— Collected data entries —
-------
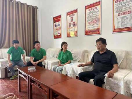 图为实践团成员与书记洽谈讨论关于乡村振兴脱贫致富话题
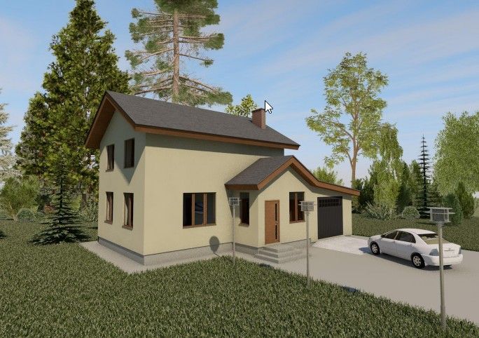 Готовый проект двухэтажного дома общей площадью 132,18 м². Стены дома могут быть выполнены из газосиликатных блоков или силикатного кирпича. По плану в доме две спальни (13,37 м², 12,53 м²), просторная кухня-гостиная (24,38 м²) и гараж.
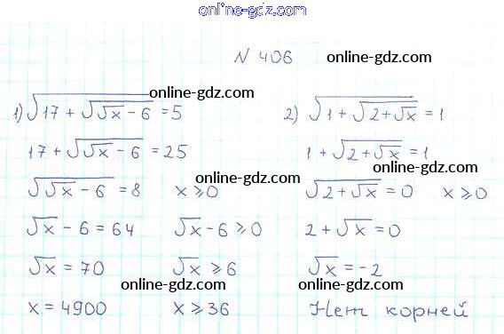 Готовые домашние задания по Алгебре за 8 класс Учебник Мерзляк, Полонский Алгоритм успеха 2016 - §12. Квадратные корни. Арифметический квадратный корень Глава 2. Квадратные корни. Действительные числа 406
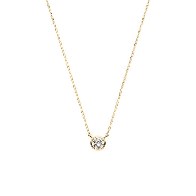 イエローゴールドのラインでなめらかに縁取られた一粒ダイヤモンドネックレス。
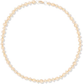 A true collector's piece, the Revel Small Bead Necklace is constructed of small gold beads, each featuring a row of sparkling tsavorites or rhodolite garnet around the diameter of the bead.The necklace is assembled using a playful approach of alternating vertical and horizontal stone orientation as well as stone color on each bead, leading to a distinctive and unexpected pattern in the stone detail. This piece is a modern approach to a classic silhouette - a true statement piece you will wear and love.
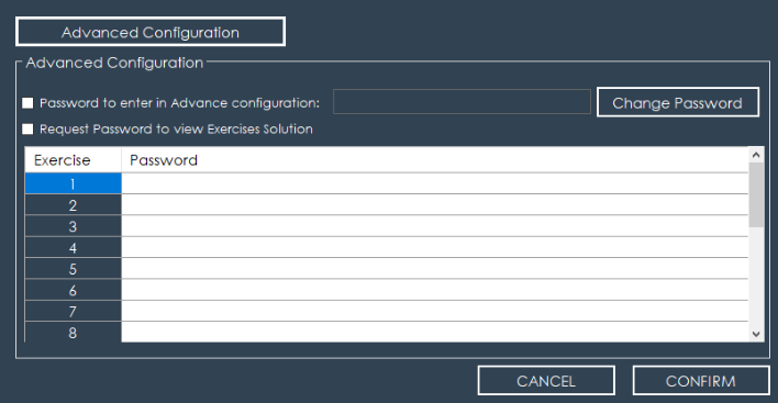 • Solution Security: You can assign individual passwords for each of the 20 exercises to control when users are allowed to view the proposed solutions.
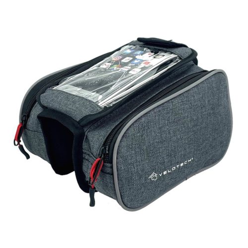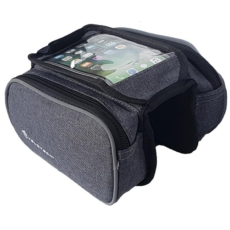 Telefontartós váztáska 3 részesÁtlátszó PVC felsőrész a telefon használatához.Tépőzáras kivitelezés a gyors le és felszereléshez.A legtöbb fajta kerékpárhoz megfelelő. Fényvisszaverő csík körben a széleken.Technikai adatok: - Anyaga: 600D vízlepergető poliészter - Szín: Sötét szürke - Méret: 18 x 11 x 13 cm
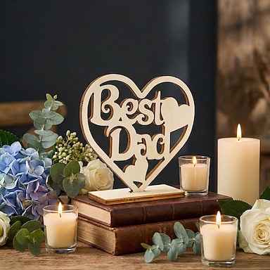 Targa in legno per la festa del papà con la scritta "Best Dad" e un cuore decorativo, targa da tavolo in legno cavo, regalo per papà, decorazione rustica per la casa e l'ufficio, ideale per la vetrina
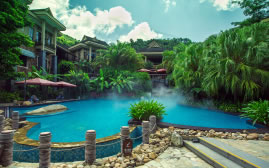 呀諾達(dá)雨林一號度假酒店坐落在呀諾達(dá)雨林文化旅游區(qū)核心區(qū)域雨林谷內(nèi),設(shè)計(jì)理念以尊重自然為原則,低碳環(huán)保節(jié)能為導(dǎo)向,有23間(套)豪華客房,所有客房均配有帶衛(wèi)星頻道的液晶電視、帶免費(fèi)寬帶的電腦、直撥電話、私人保險(xiǎn)箱、迷你酒吧等設(shè)施,還配套有中餐廳、西餐廳、棋牌室、戶外泳池、溫泉泡池等,以及1間多功能廳。
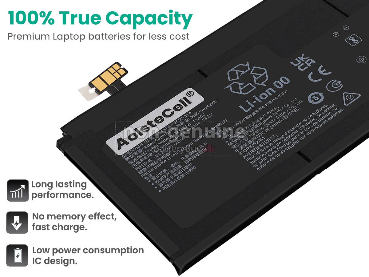 De erstatnings batteri til Huawei MATEBOOK E 2022 DRC-W76 , der sælges af BatteryBuy.dk, har en 30-dages refusionsgaranti og et års garanti. Vi giver dig mere end bare produkter, og du kan være sikker på. På Batterybuy.dk har vi et veluddannet kundeserviceteam, der er klar til at besvare dine spørgsmål til enhver tid. Hvis du har spørgsmål til vores hjemmeside eller produktioner under købsprocessen, kan du altid kontakte os via e-mail eller online chat. Uanset hvad, vil du få svar inden for 12 timer.
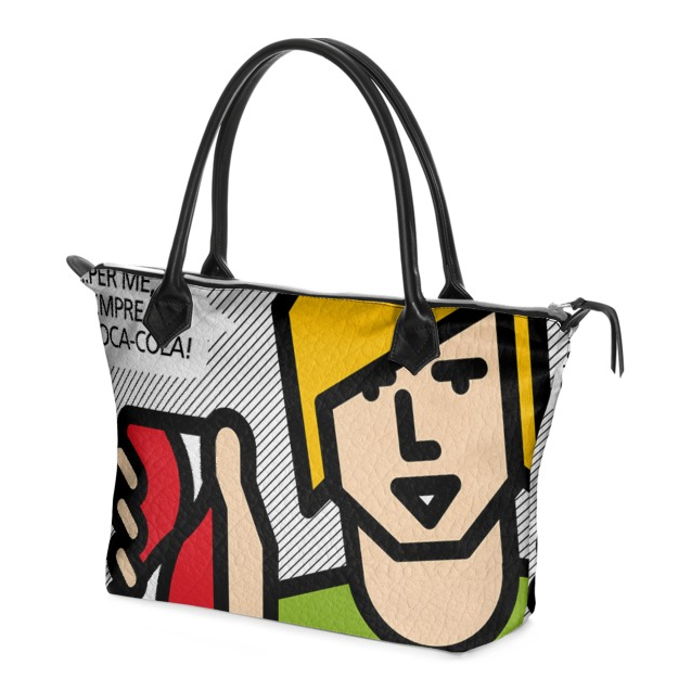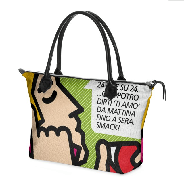 In all their artistic works, what emerges is the amused and amusing look in the representation of everyday objects. And also in this case the strong point is the ironic spirit, which as up to now has transformed the protagonists of living, such as paintings, rugs, cushions, decorated plates and wallpapers, into real works of art and design inspired by to the world of comics, from today it moves on to an iconic and indispensable accessory for many women.
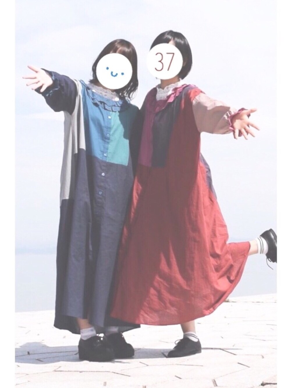 一目惚れで相方分も購入したワンピース。 寒色と暖色のパッチワーク。並ぶと可愛さ倍増ですね♡ ✎ . 37
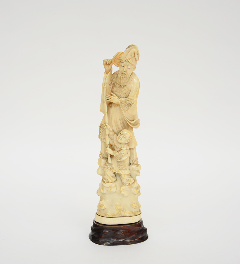 Okimono in avorio raffigurante un saggio con ventaglio e fanciullo con base...
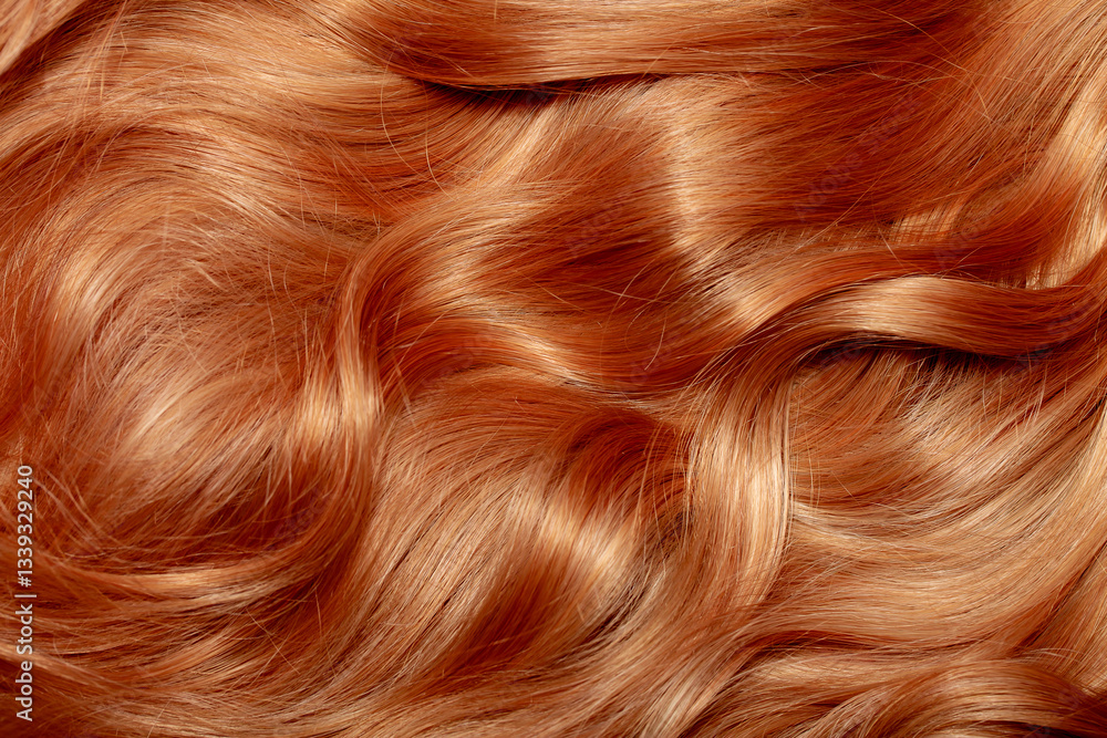 Red hair close-up as a background. Women's long orange hair. Beautifully styled wavy shiny curls. Hair coloring bright shades. Hairdressing procedures, extension.
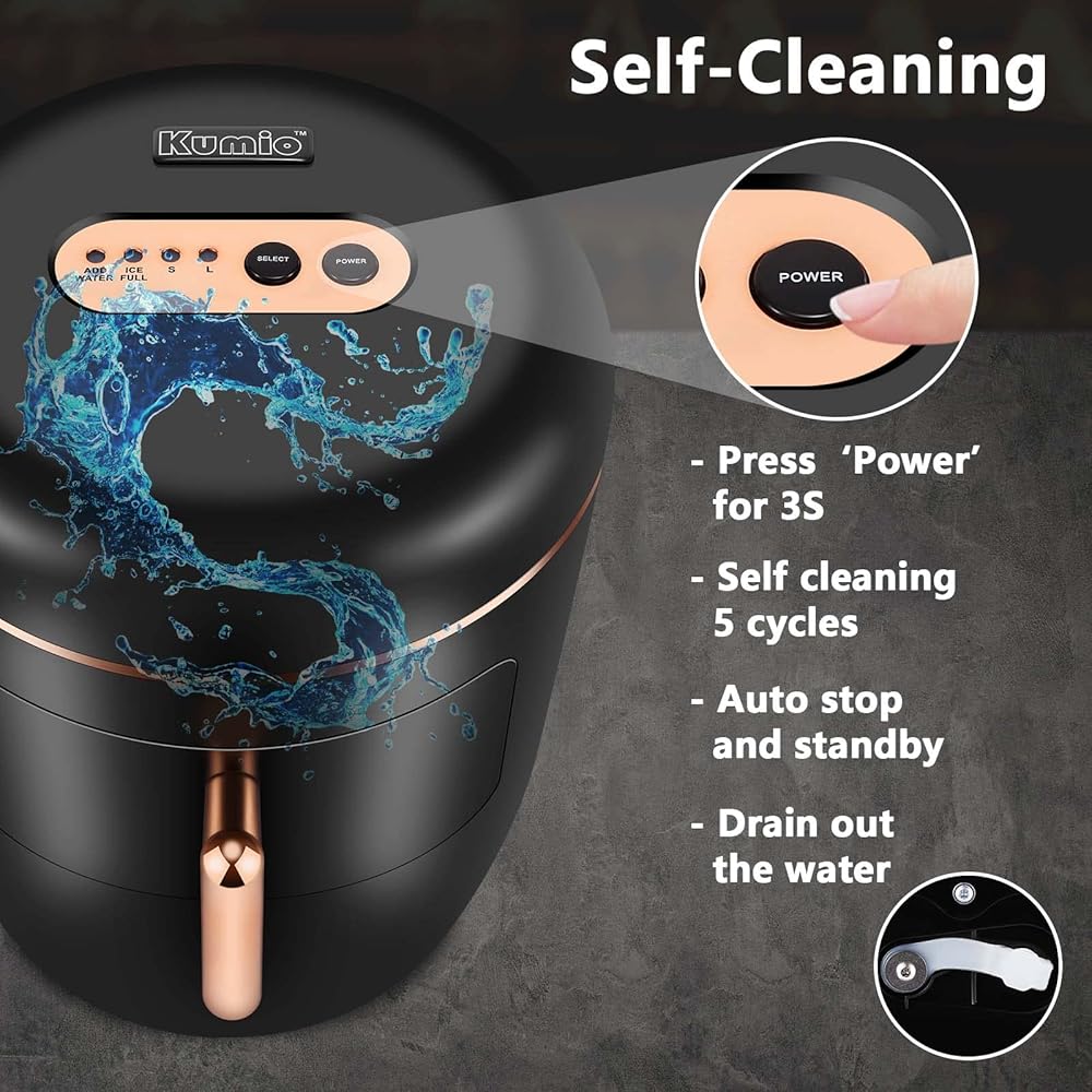 【التنظيف التلقائي والرصاص الثلجي الصحي】اضغط على زر الطاقة لمدة 3 ثوانٍ لبدء عملية التنظيف الذاتي. بعد 5 دورات، سيتوقف سطح عمل صانع الثلج تلقائيًا ويدخل في وضع الاستعداد. إن استخدام منفذ الصرف لتفريغ مياه الصرف الصحي في الوقت المناسب سيضمن حصولك على ثلج طازج وصحي في أي وقت.
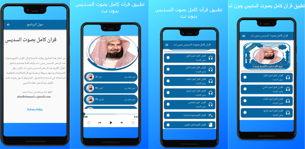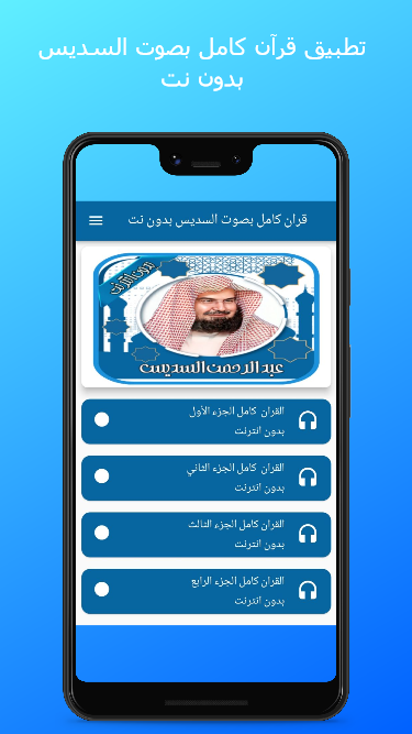 تطبيق القرآن الكريم يوفر صوت عبد الرحمن السديس. يمكنك سماع جميع سور القرآن الكريم من خلال هاتفك المحمول
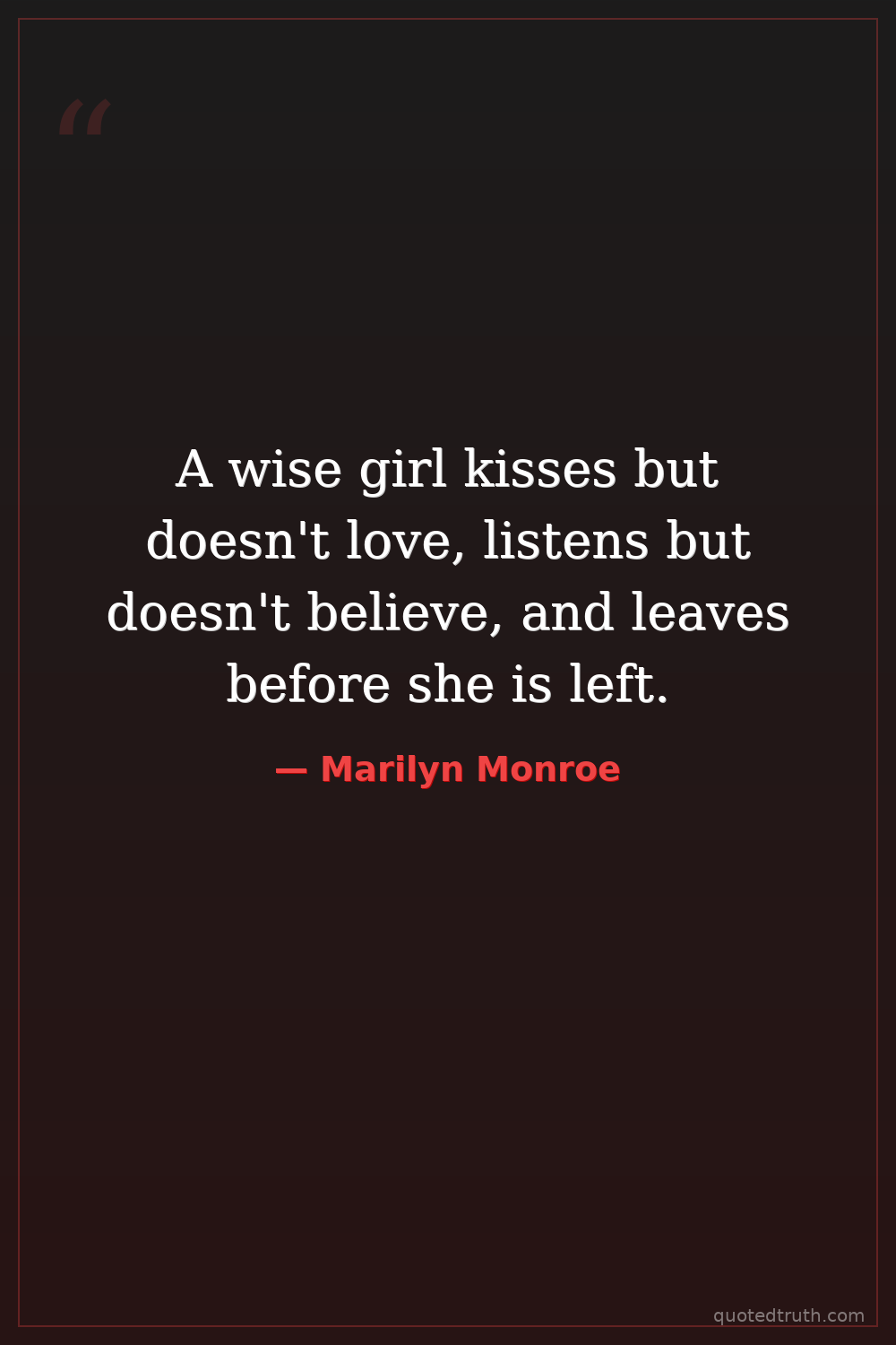 A wise girl kisses but doesn't love, listens but doesn't believe, and leaves before she is left.
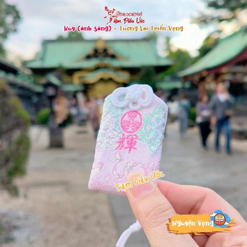 Ý nghĩa: cầu #tương_lai triển vọng, chữ trên #omamori là #Huy - theo hán Việt nghĩa là ánh sáng, là omamori dẫn đường cho bạn. Màu hồng phấn xinh lắm ạ
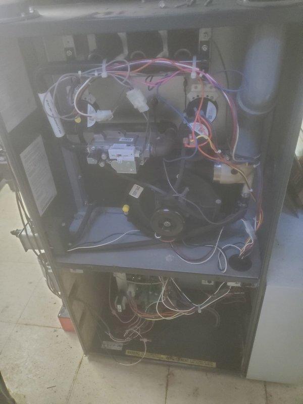 Performed scheduled furnace maintenance with front panel removed to inspect internal components. Examined electrical connections, wiring integrity, and blower motor assembly. Completed manufacturer rebate-eligible tune-up with comprehensive system inspection and documentation via service photos.
-------
— Your instructions —
All that should appear in the answer is the lines above from the line with "イエローゴールドのラインでなめらかに縁取られた一粒ダイヤモンドネックレス。" through the line with "呀諾達(dá)雨林一號度假酒", retyped exactly, pictures left out.

— Result of this task —
 イエローゴールドのラインでなめらかに縁取られた一粒ダイヤモンドネックレス。
 A true collector's piece, the Revel Small Bead Necklace is constructed of small gold beads, each featuring a row of sparkling tsavorites or rhodolite garnet around the diameter of the bead.The necklace is assembled using a playful approach of alternating vertical and horizontal stone orientation as well as stone color on each bead, leading to a distinctive and unexpected pattern in the stone detail. This piece is a modern approach to a classic silhouette - a true statement piece you will wear and love.
 • Solution Security: You can assign individual passwords for each of the 20 exercises to control when users are allowed to view the proposed solutions.
 Telefontartós váztáska 3 részesÁtlátszó PVC felsőrész a telefon használatához.Tépőzáras kivitelezés a gyors le és felszereléshez.A legtöbb fajta kerékpárhoz megfelelő. Fényvisszaverő csík körben a széleken.Technikai adatok: - Anyaga: 600D vízlepergető poliészter - Szín: Sötét szürke - Méret: 18 x 11 x 13 cm
 Targa in legno per la festa del papà con la scritta "Best Dad" e un cuore decorativo, targa da tavolo in legno cavo, regalo per papà, decorazione rustica per la casa e l'ufficio, ideale per la vetrina
 呀諾達(dá)雨林一號度假酒店坐落在呀諾達(dá)雨林文化旅游區(qū)核心區(qū)域雨林谷內(nèi),設(shè)計(jì)理念以尊重自然為原則,低碳環(huán)保節(jié)能為導(dǎo)向,有23間(套)豪華客房,所有客房均配有帶衛(wèi)星頻道的液晶電視、帶免費(fèi)寬帶的電腦、直撥電話、私人保險(xiǎn)箱、迷你酒吧等設(shè)施,還配套有中餐廳、西餐廳、棋牌室、戶外泳池、溫泉泡池等,以及1間多功能廳。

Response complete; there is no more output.